La bi milenaria historia de la
Iglesia está iluminada de santos y santas, cuya existencia es signo elocuente
de cómo propiamente de la comunión con el Señor, de la Eucaristía nace una
nueva e intensa asunción de responsabilidad a todos los niveles de la vida
comunitaria, nace entonces un desarrollo social positivo, que cuyo centro es la
persona, especialmente aquella pobre, enferma o necesitada. Nutrirse de Cristo
es el camino para no permanecer extraños o indiferentes a la suerte de los
hermanos, para entrar en la misma lógica de amor y de donación del sacrificio
de la Cruz; quien sabe arrodillarse delante de la Eucaristía, quien recibe el
cuerpo del Señor no puede no estar atento, en la trama ordinaria de los días, a
las situaciones indignas del hombre, y sabe inclinarse en primera persona sobre
el necesitado, sabe partir el propio pan con el hambriento, compartir el agua
con el sediento, vestir al que esta desnudo, visitar al enfermo y al
encarcelado (cfr Mt 25,34-36). En cada persona sabrá ver al mismo Señor que no
ha dudado en darse a sí mismo por nosotros y por nuestra salvación. Una
espiritualidad eucarística, ahora, es verdadero antídoto al individualismo y al
egoísmo que tantas veces caracterizan la vida cotidiana, lleva al
redescubrimiento de la gratuidad, de la centralidad de las relaciones, a partir
de la familia, con particular atención a aliviar las heridas de aquellas
disgregadas. Una espiritualidad eucarística es el alma de una comunidad
eclesial que supera las divisiones y contraposiciones y valoriza la diversidad
de los carismas y ministerios, poniéndolos al servicio de la unidad de la
Iglesia, de su vitalidad y de su misión. Una espiritualidad eucarística es camino
para restituir dignidad a los días del hombre y, por tanto, a su trabajo, en la
búsqueda de su conciliación con los tiempos de fiesta y de la familia, en el
empeño de superar la incertidumbre de la precariedad del trabajo y el problema
de la desocupación. Una espiritualidad eucarística nos ayudará también a
acercarnos a las diversas formas de fragilidad humana, concientes de que ella
no ofusca el valor de la persona, pero requiere proximidad, acogida y ayuda.

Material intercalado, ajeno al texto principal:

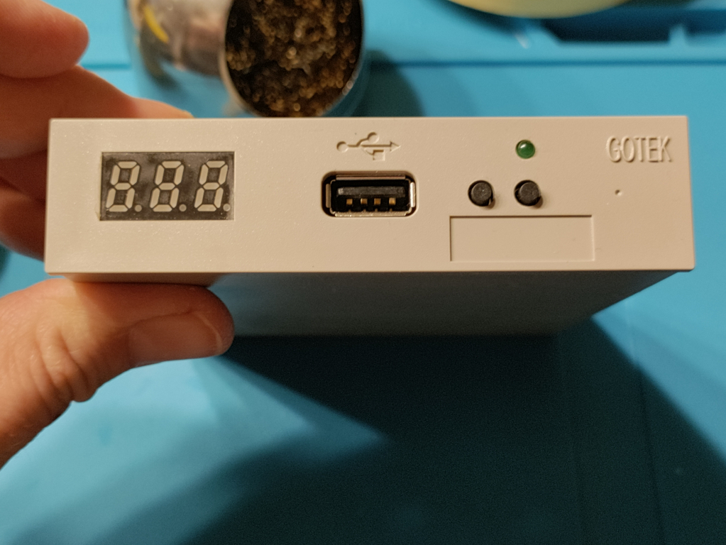 Aber dafür gibt es ja inzwischen Lösungen, nämlich Disketten-Emulatoren, an die man dann einen USB-Stick anschließen kann. Ein GoTek. Ich habe günstig eines bei AliExpress erworben - im Nachhinein bin ich mir aber nicht sicher, ob das tatsächlich ein echtes GoTek ist. Es ist ein SFRC922D Board, laut Aufdruck, aber das will bei Geräten die aus China kommen ja nichts heißen.

Del Pan de la vida tomará vigor una renovada capacidad educativa, atenta a
testimoniar los valores fundamentales de la existencia, del saber, del
patrimonio espiritual y cultural; su vitalidad nos hará habitar la ciudad de
los hombres con disponibilidad para gastarse en el horizonte del bien común por
la construcción de una sociedad más justa y fraterna.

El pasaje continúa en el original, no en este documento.